"""

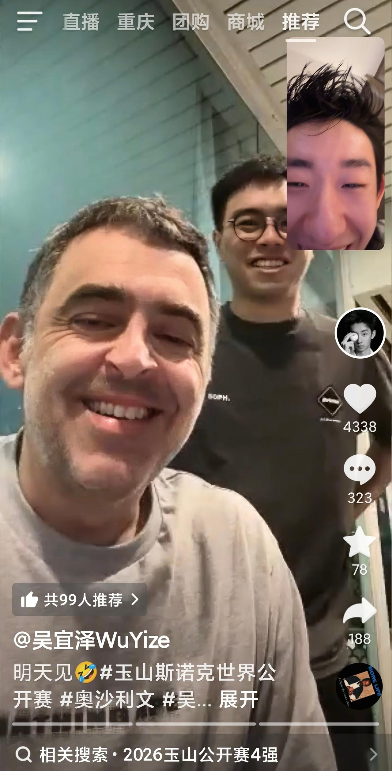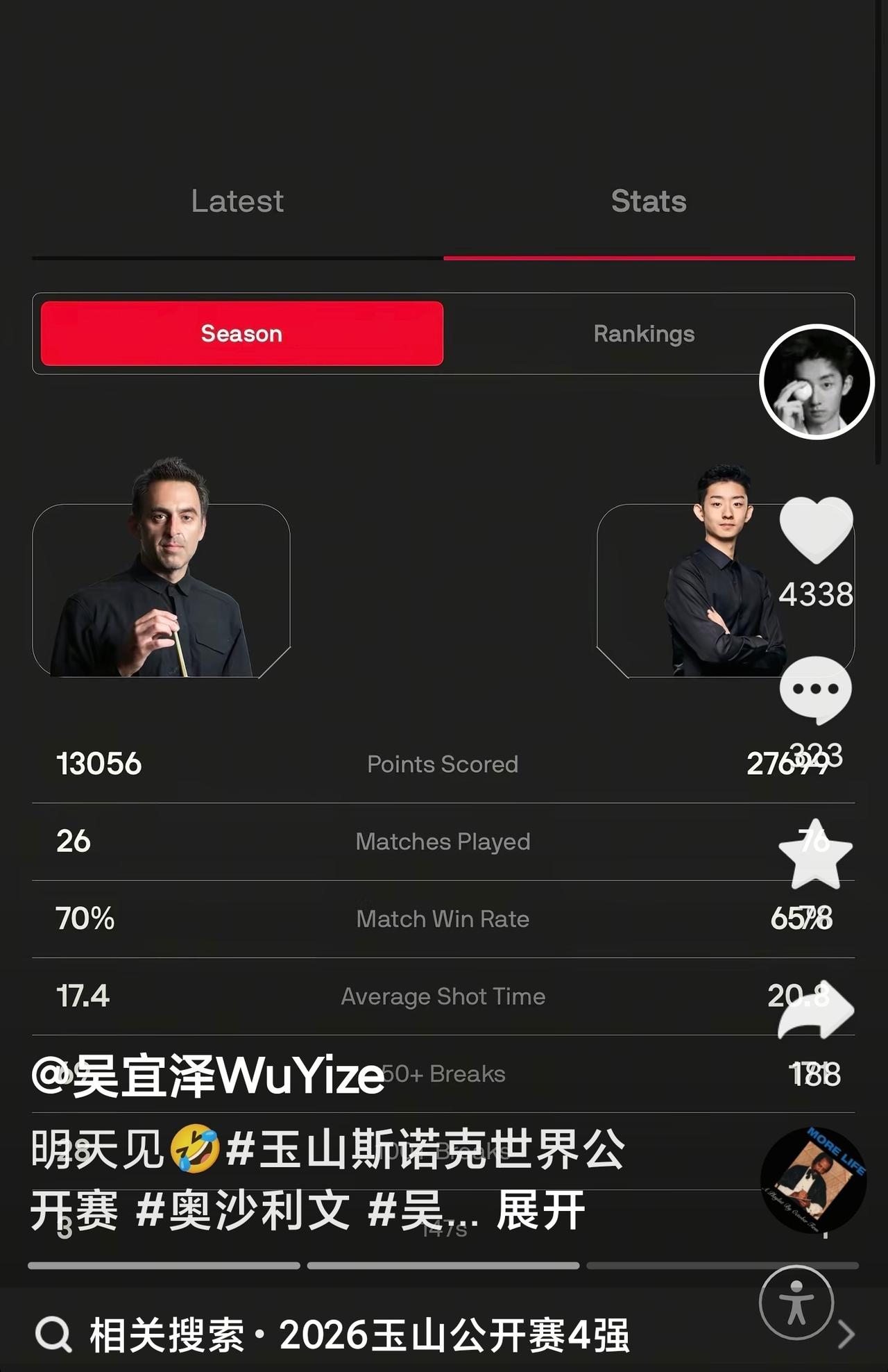 吴宜泽晒出动态:明天见。看着视频截图,一下子没崩住。 今天下午奥沙利文和吴宜泽打半决赛,有种预感,虽然奥沙利文没煮面,但大概率会被吴公子大胜。
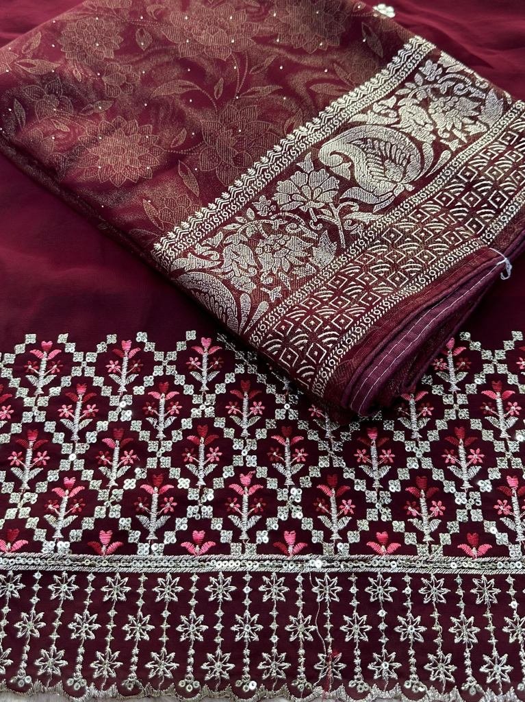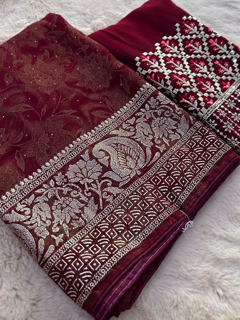 Fabric : Georgett fabric Work :- Additional Smoke work With beautiful leather foil with heavy tone to tone embroidary blouse.Saree cut :- 5/50Blouse piece: 0/80Occasion :- Wedding, Festival
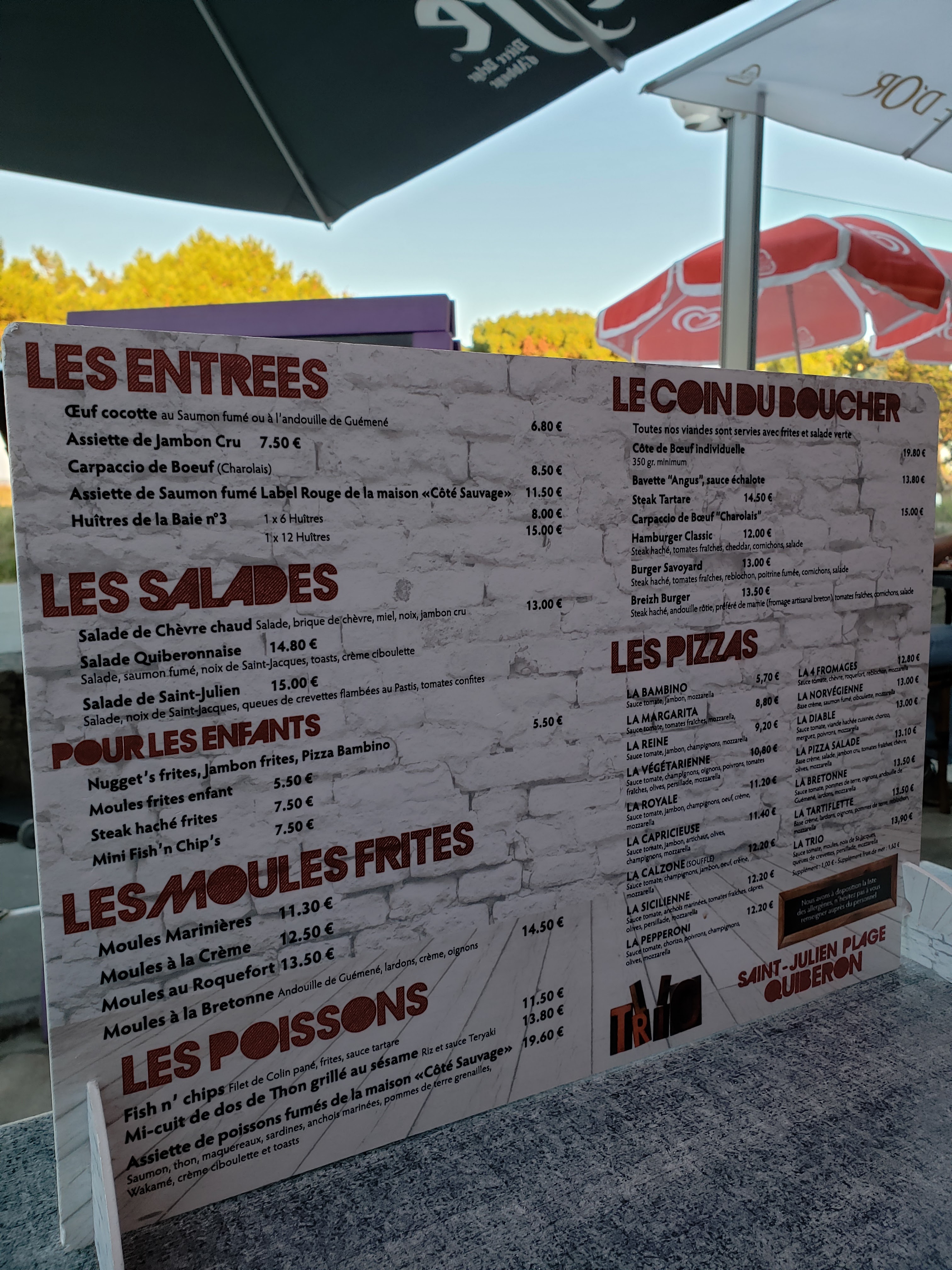 Excellent restaurant. Burger juste trop bon, et pizza exceptionnelle avec un très grand choix. La serveuse m'a proposée de composé ma pizza, s'était un régal.. Il y a très longtemps que je n'avais pas mangé une pizza aussi bonne. Ma petite s'est régalé avec le menu enfant et ses moules-frites. Personnel très accueillant et sympathique Je recommande à fond ce restaurant. Nous y retournerons lors de notre prochaine étape sur Quiberon. Juste bémol, mais temporaire, ne prend pas encore les cartes restaurant.
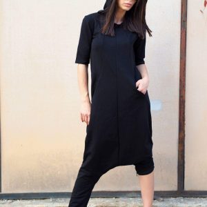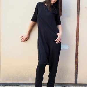 Woman Drop Crotch Jumpsuit/Black Maxi Jumpsuit/Woman Casual Daily
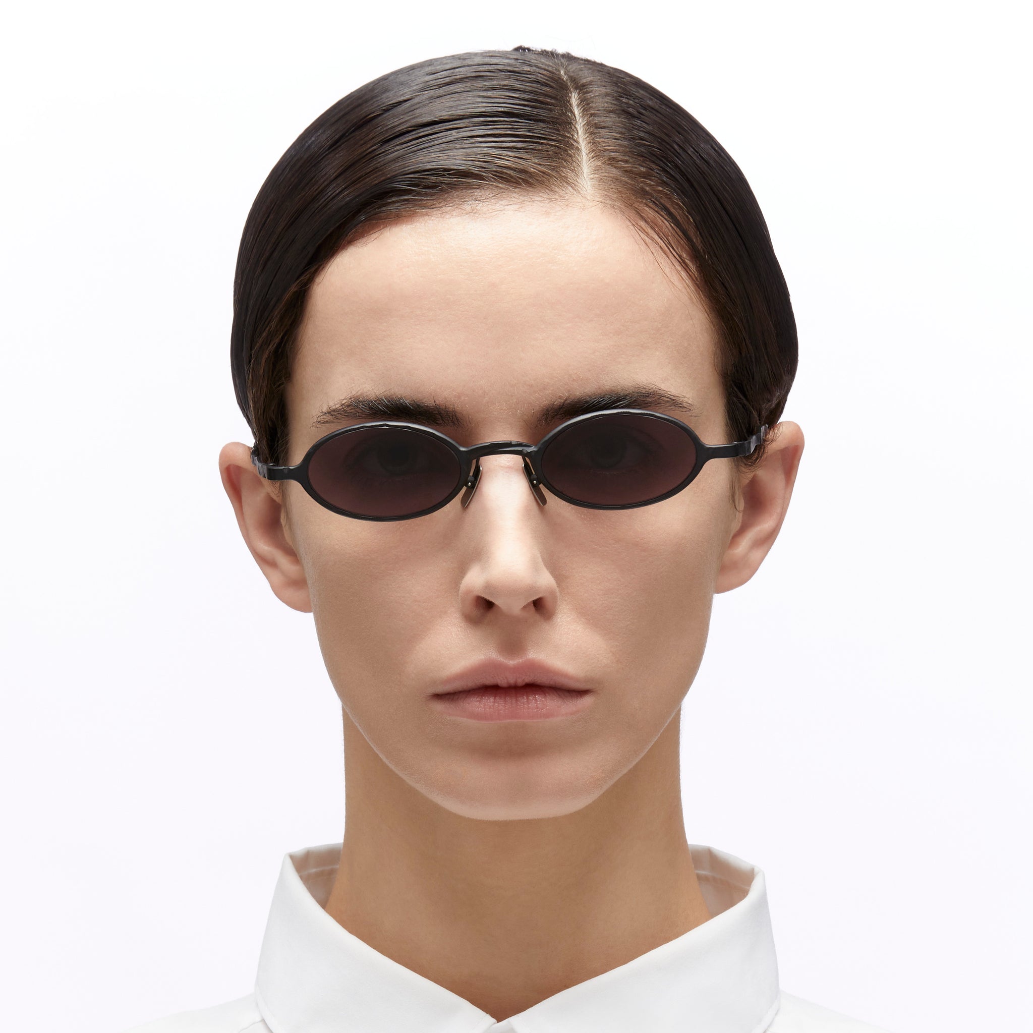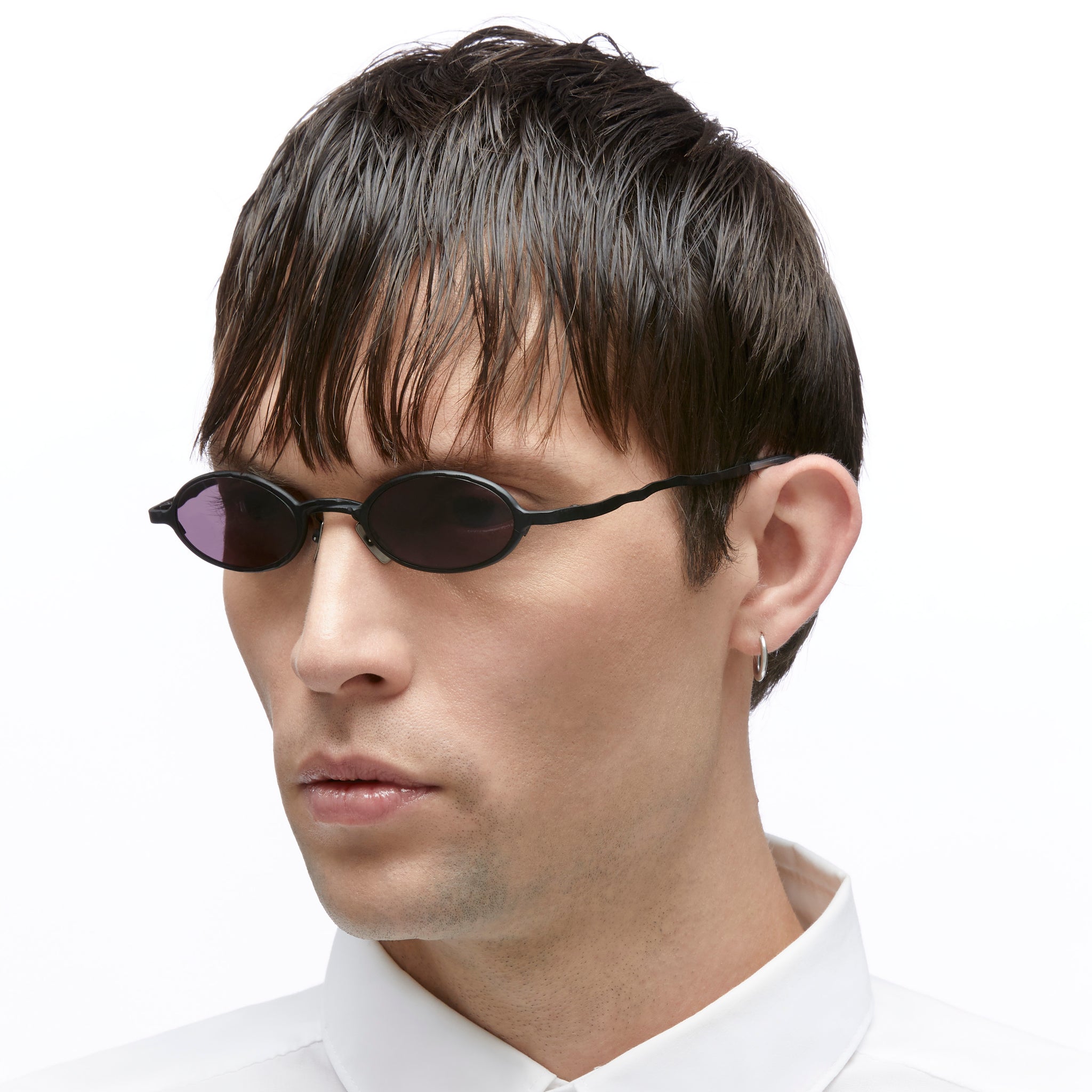 Kuboraum MASK Z24 - BLACK (KRSZ24BB0000002Y) are modern oval sunglasses made in Italy. They feature black metal structure with hand-finish look, double bridge, metal temples with acetate temple tips, custom nose pads, and dark grey lens with 100% UV protection.

"""

Only the lines from the start of the records above through the line containing "Fabric : Georgett" should be returned, exactly and with both ends, please; the pictures stay out.

▶ Answer to the exercise
 吴宜泽晒出动态:明天见。看着视频截图,一下子没崩住。 今天下午奥沙利文和吴宜泽打半决赛,有种预感,虽然奥沙利文没煮面,但大概率会被吴公子大胜。
 Fabric : Georgett fabric Work :- Additional Smoke work With beautiful leather foil with heavy tone to tone embroidary blouse.Saree cut :- 5/50Blouse piece: 0/80Occasion :- Wedding, Festival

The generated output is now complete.